Well... I just got married last month. While reading over our vows I really started thinking about the phrase "For Better or Worse". Making a commitment to love someone at their best and at their worst is a HUGE commitment! I'm not just talking about tolerating them... I mean actually LOVING them. Speaking to them respectfully, accepting their flaws, supporting them, and sometimes making sacrifices for them. This is something that I have struggled with in the past and am always working on overcoming. Since having our daughter I have really learned the meaning of sacrificing for those I love and have done my best to show my daughter and husband the love and respect that they deserve at all times, even when I don't want to. These deep thoughts coupled with some inspiration from my amazing internet friends (*shout out to Claire and Melissa!*) led me to even DEEPER thoughts about religion and my life in general and I started actively seeking out a new church home.
Quick background: I was SORT OF raised Catholic. I went through CCD and made all of my sacraments, but didn't attend church weekly. Church never spoke to me and I always felt like religion wasn't for me... it was for people who needed something to believe in... and I believed in myself just fine.
Back to now: My main reasons for getting back into church again (I haven't been to church in a looooooong time) and for NOT choosing the Catholic church, are that I believe in and want to teach our daughter about a loving God... not one that she needs to fear. Also, I am so blessed in so many ways (my husband and I have each other, our daughter, we both have great parents, a house, a dog, financial stability, generally good health... the list goes on and on) and I'm one of those people that things just ALWAYS seem to work out for. No matter what bad things happen in my life, I later see a reason for them and they have always led to something bigger and better. I feel like there is no way that can be responsible for my own fate and that God has taken care of and provided so much for me.
I want to find a church that celebrates those things and also provides support for those who need it.
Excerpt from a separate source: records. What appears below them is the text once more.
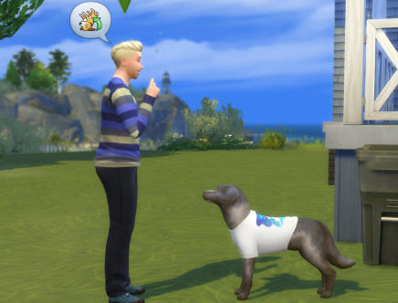 Her lære en simmer sin hund at dække. Lad din simmer blive ved med dette, til at der kommer en pop-up boks frem der fortæller, at din hund eller kat har lært tricket.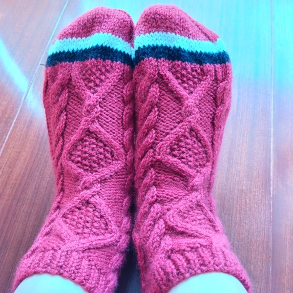 | アラン模様の靴下を編みました。 カーディガンの残り糸と、間違えて買った1玉を使いました。糸が足りなくなって、白黒の糸も混ぜましたが、いいアクセントになったかなぁと思います。 アラン模様模様はごしょう産業さんのソックスのレシピから。でも靴下全体は『スウェーデンから届いたニット』の編み図で。靴下は難しくて、ごしょう産業さんのレシピでは作れなくて…。なので、模様がちょっとズレてしまいました。 |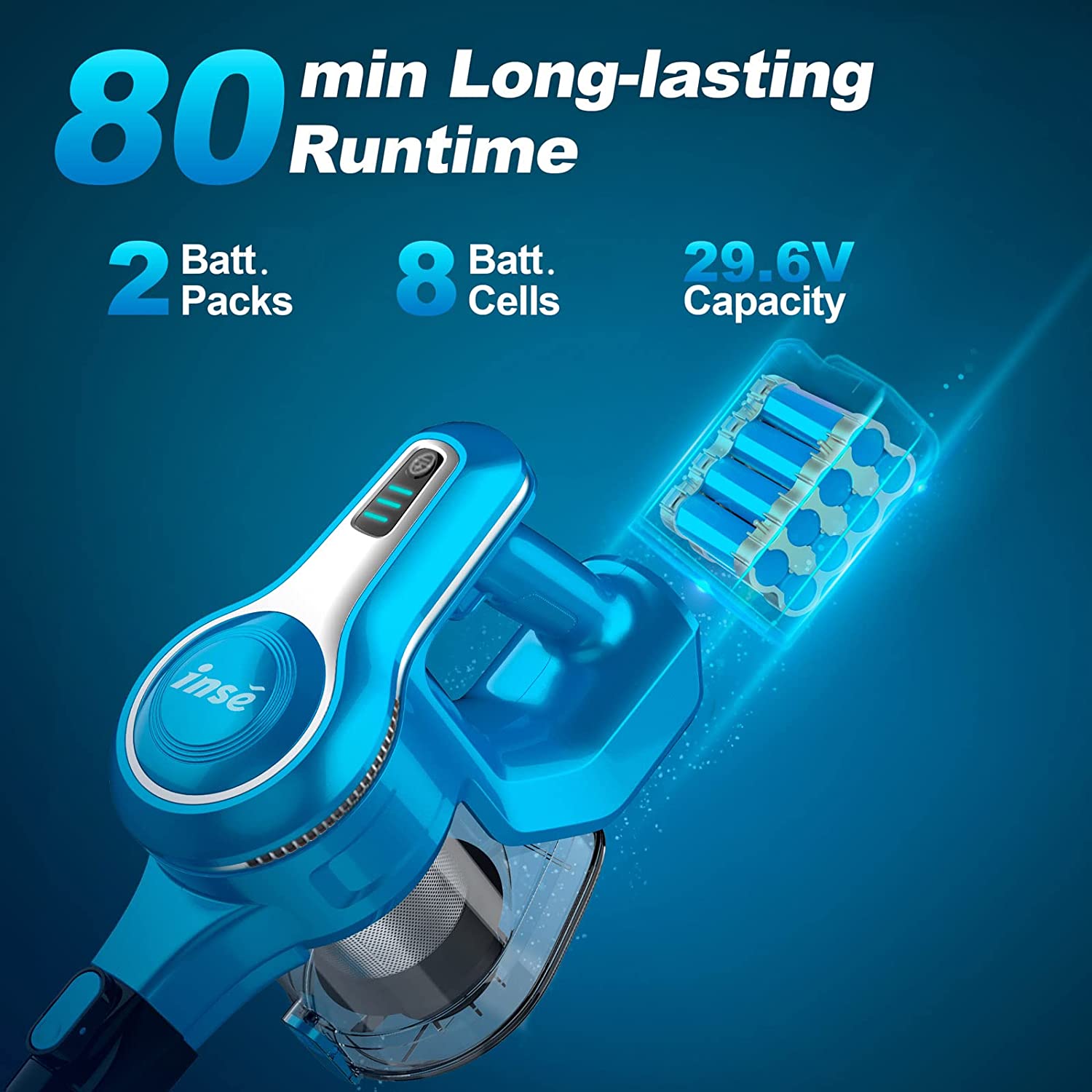 INSE S6P on kevyt ja monipuolinen varsi-imuri kotiin. Harjaton moottori ja kaksi tehotilaa tarjoavat tehokkaan imutehon eri pinnoille, ja 5-vaiheinen suodatusjärjestelmä vangitsee hienonkin pölyn. Pitkä akunkesto kahdella akulla mahdollistaa siivouksen suuremmissakin tiloissa.

I'm a thinker and a debater and I question things a lot of the time... such as evolution, etc. I want a church that accepts those questions as legitimate and helps me to make sense of them instead of just being like "nope, you're wrong". I'm interested in learning about the bible but sometimes have trouble being able to relate it to modern day (especially the part about women bowing down and submitting to their husbands... eeck! I'm a big supporter of independant strong women.) I believe that man is in no position to judge one another on general life choices and when the Catholic church (and a few outspoken members of that church) told me that I was damned and not welcome to be married in their church because I chose to have my daughter out of wedlock... that was the LAST straw for me. Our daughter is a blessing and the best thing that has ever happened to us. We had her intentionally and of our own timing. That is nobody's business but our own.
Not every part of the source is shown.